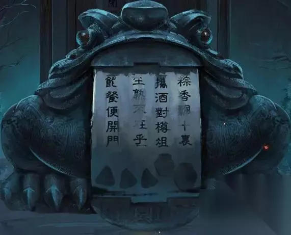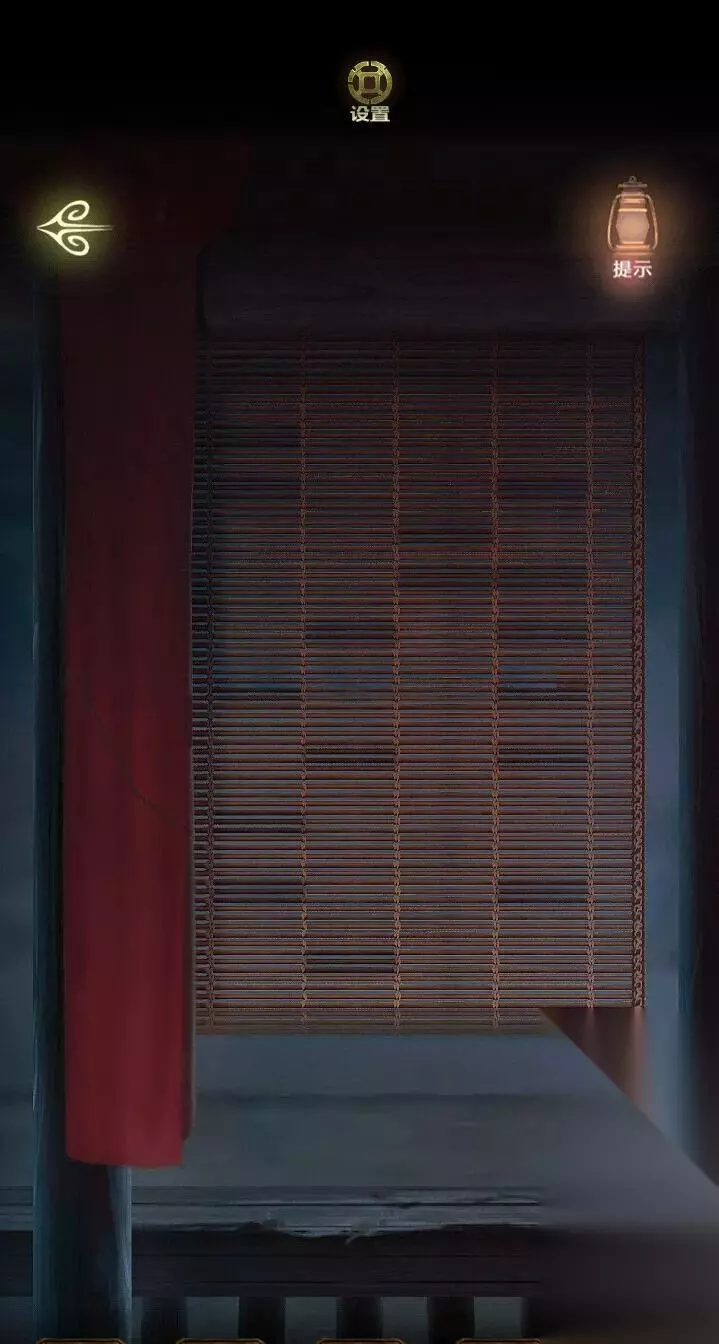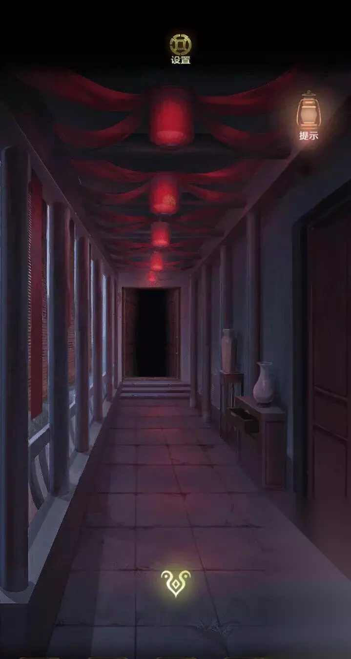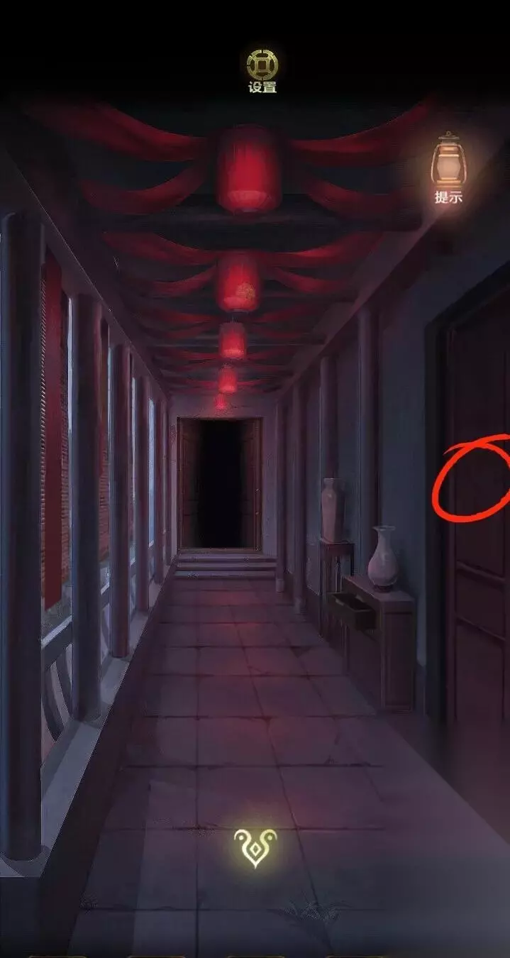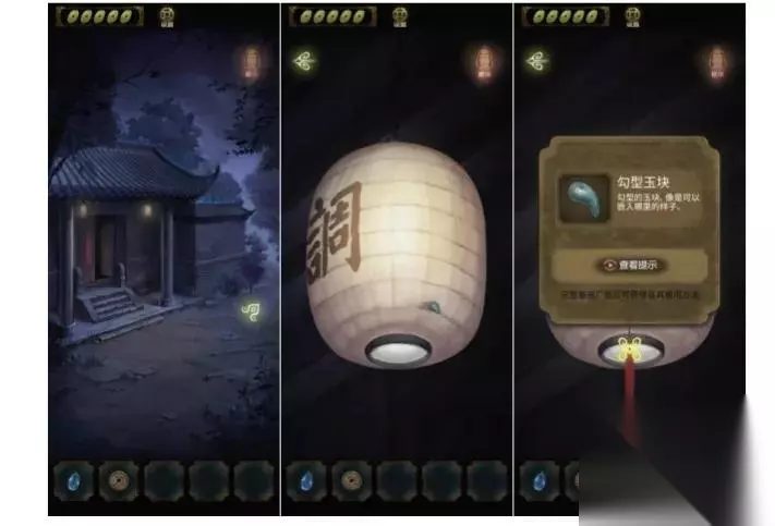来到门口石墩玩游戏,根据走廊的线索完成拼图。打开后发现门口的灯笼亮了,点开右侧的灯笼,获得一个勾形玉块,拿着玉块去柱子上解谜。
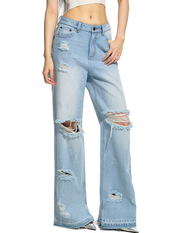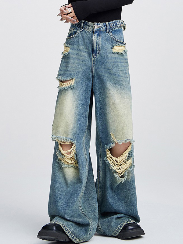 Vaqueros rectos y holgados con bigotes de gato estilo retro americano
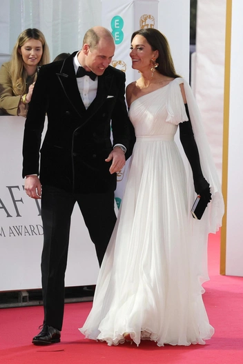 Если Кейт Миддлтон решает посетить вечернее мероприятие, значит она точно затмит своим внешним видом даже мировых звезд. И основные вечерние наряды, которые готовил Alexander McQueen, были выполнены для премии BAFTA, которую герцогиня посещает почти каждый год. Так, в 2019 году дизайнеры разработали для Кэтрин белоснежное струящееся платье с открытым плечом и декоративными элементами. Его же, но в немного измененном варианте, Кэтрин надела на премию в 2023 году, дополнив образ черными бархатными перчатками, которые вторили пиджаку принца Уильяма.
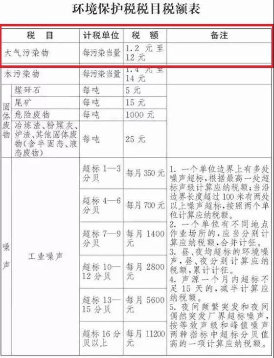 環境保護稅的稅目、稅額,依照本法所附《環境保護稅目稅額表》執行。
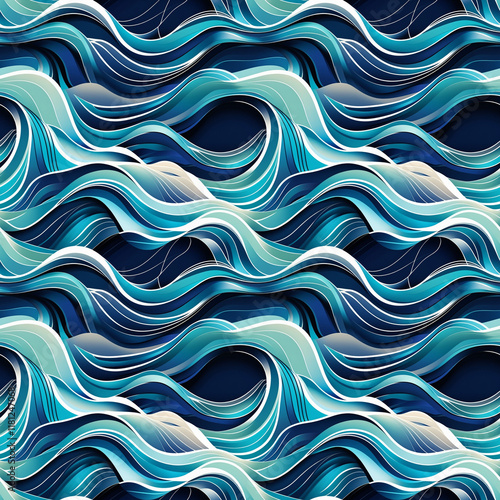 © Roman Stock studio, Obraz premium Abstract blue wave pattern on dark background
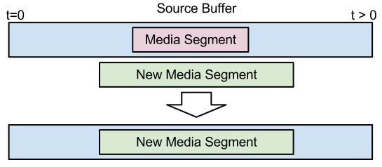 The figure above shows how the SourceBuffer is updated when a new media segment completely overlaps a segment in the buffer. In this case, the new segment completely replaces the old segment.
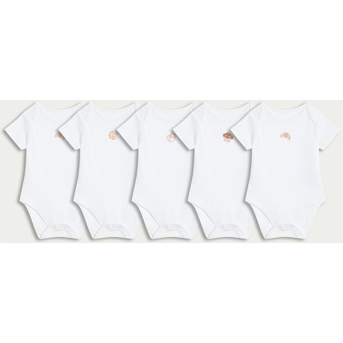 5-Pack Pure Cotton Food Print Bodysuits in White
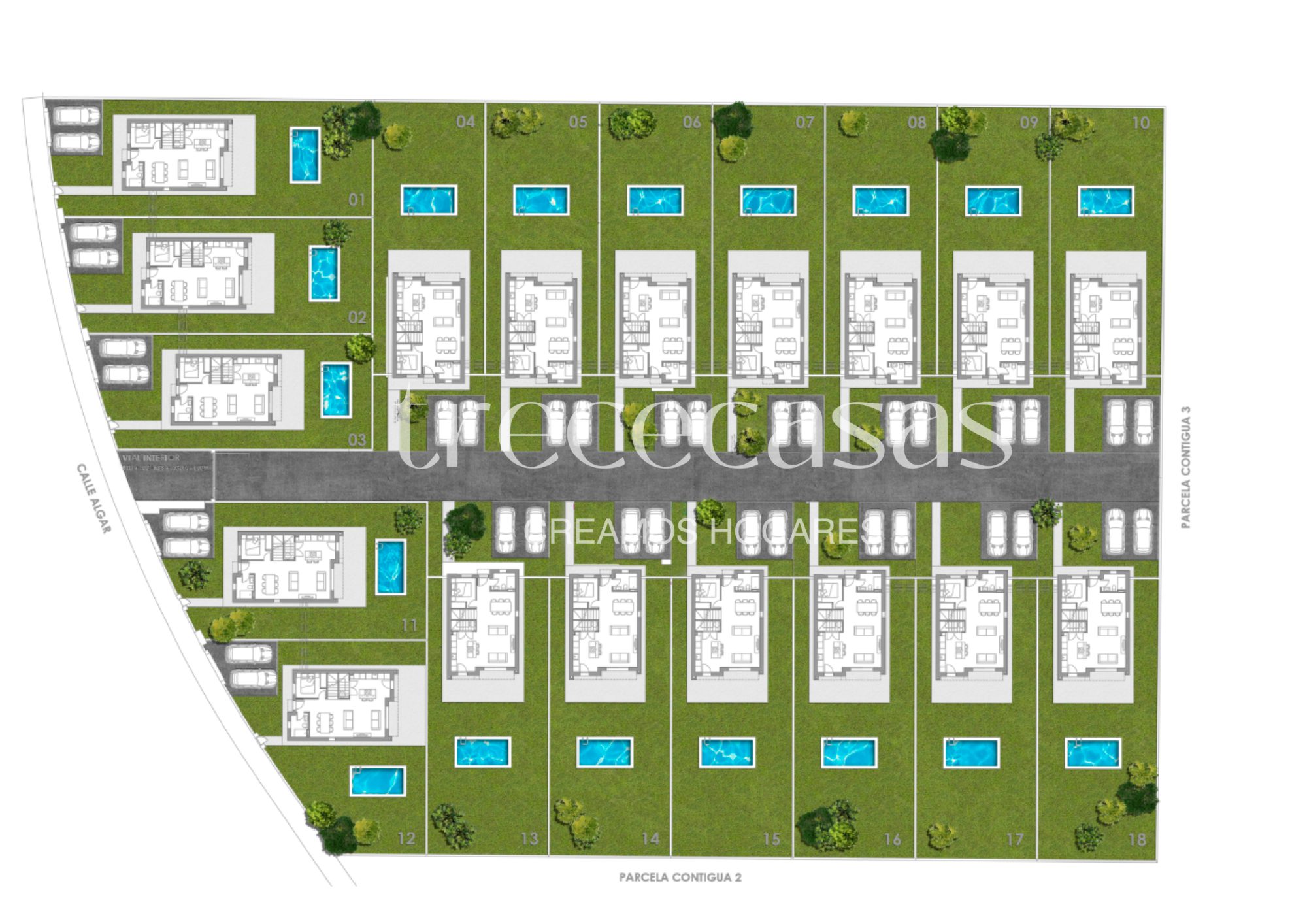 Cada villa dispone de 145 m² construidos, distribuidos en dos plantas más terraza. Además, las parcelas privadas parten desde 310 m², lo que garantiza amplitud exterior y mayor independencia. Por tanto, la vivienda no se limita al interior, sino que se extiende hacia el jardín.
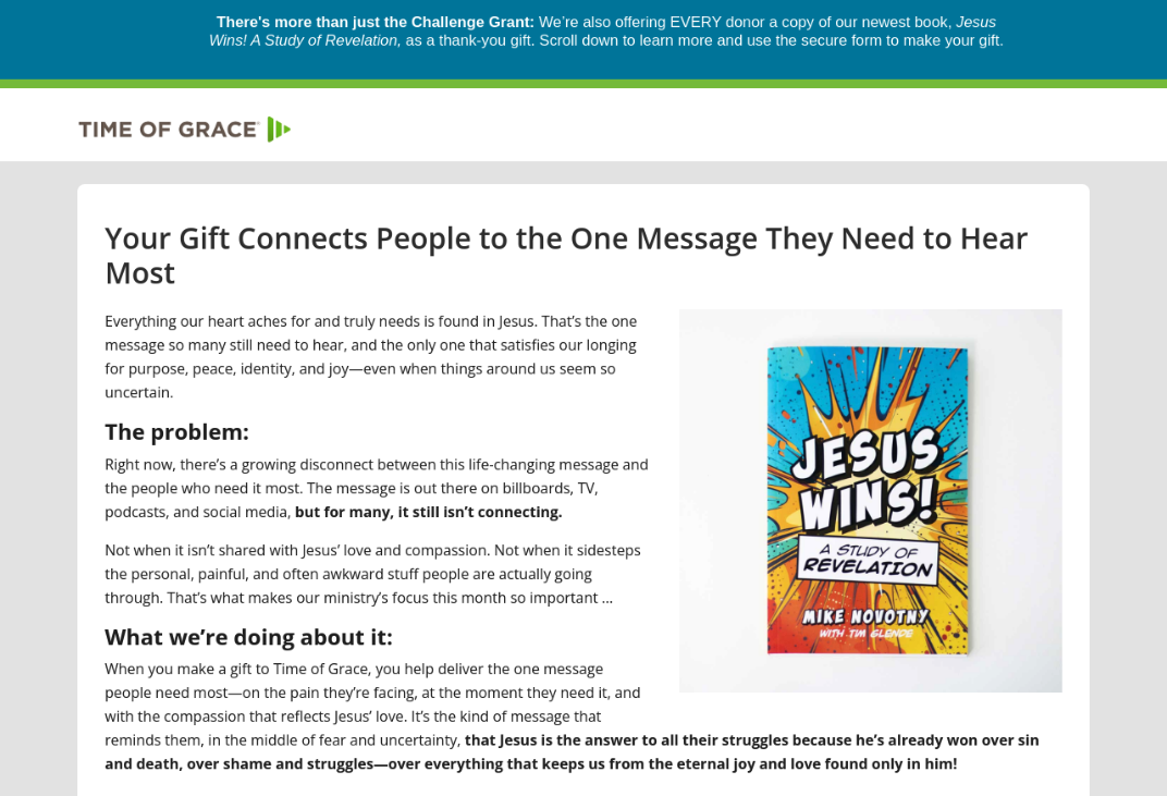 During Time of Grace’s May Challenge Grant, we hypothesized that a sticky bar calling out the book premium available to every donor would increase the conversion rate.
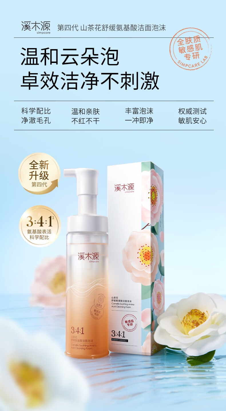 山茶花氨基酸洁面泡沫,温和洁净,舒缓维稳;凝时修护面膜密集补水,焕亮嫩肤,强韧肌底;清洁 + 面膜修护黄金搭配,舒缓换季燥热肌
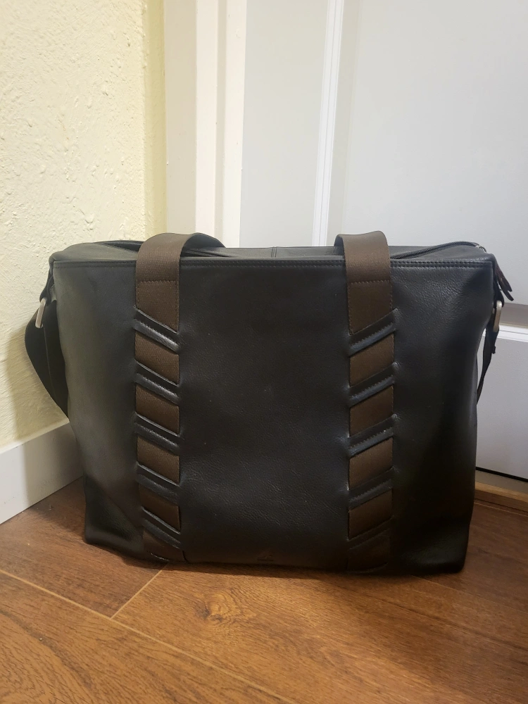 Real leather weekender or travel bag. This bag packs a ton! Very large and stylish. A padded laptop compartment inside. 18" x 13" x 5" WHD
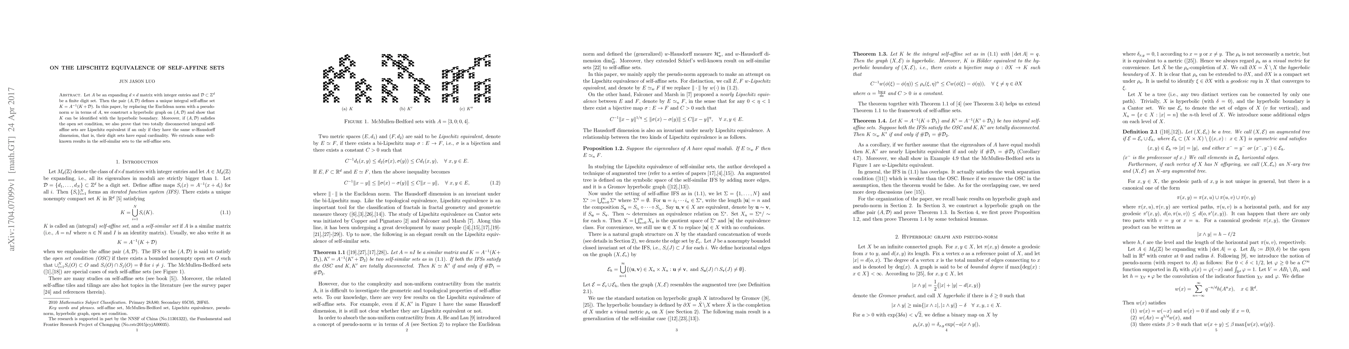 This paper constructs a hyperbolic graph on self-affine sets defined by an expanding matrix $A$ and a digit set ${\mathcal D}$, showing that these sets can be identified with the hyperbolic boundary. It proves that under the open set condition, Lipschitz equivalence of such sets is determined by their $w$-Hausdorff dimension, extending results from self-similar to self-affine sets.
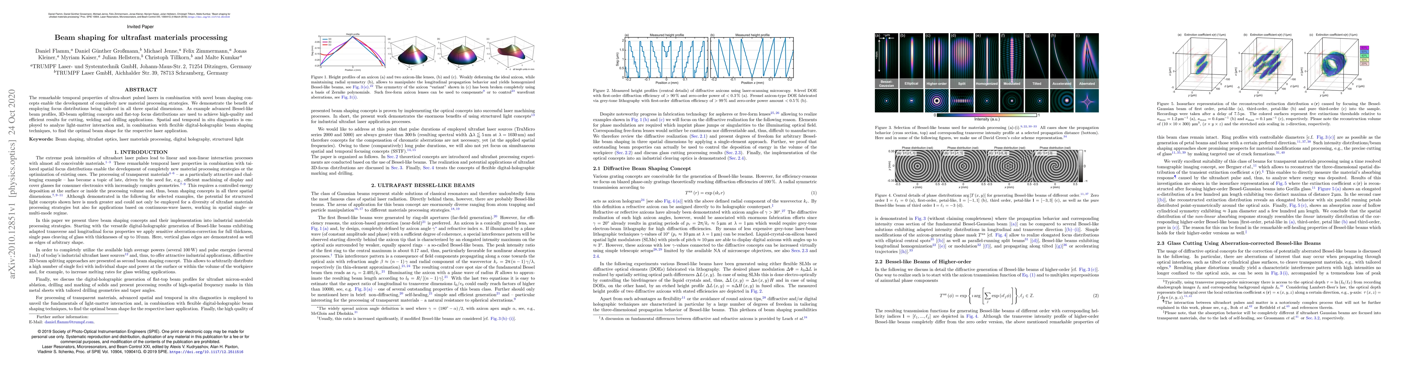 The paper presents a methodology for generating and optimizing ultra-short pulsed laser beams with tailored 3D focus distributions using digital holography, enabling precise material processing.
**********
### [What the task requires]
From the first line of the material down to the line containing "on dark background", inclusive, return each line exactly, skipping any picture.

### [Problem solution]
来到门口石墩玩游戏,根据走廊的线索完成拼图。打开后发现门口的灯笼亮了,点开右侧的灯笼,获得一个勾形玉块,拿着玉块去柱子上解谜。
 Vaqueros rectos y holgados con bigotes de gato estilo retro americano
 Если Кейт Миддлтон решает посетить вечернее мероприятие, значит она точно затмит своим внешним видом даже мировых звезд. И основные вечерние наряды, которые готовил Alexander McQueen, были выполнены для премии BAFTA, которую герцогиня посещает почти каждый год. Так, в 2019 году дизайнеры разработали для Кэтрин белоснежное струящееся платье с открытым плечом и декоративными элементами. Его же, но в немного измененном варианте, Кэтрин надела на премию в 2023 году, дополнив образ черными бархатными перчатками, которые вторили пиджаку принца Уильяма.
 環境保護稅的稅目、稅額,依照本法所附《環境保護稅目稅額表》執行。
 © Roman Stock studio, Obraz premium Abstract blue wave pattern on dark background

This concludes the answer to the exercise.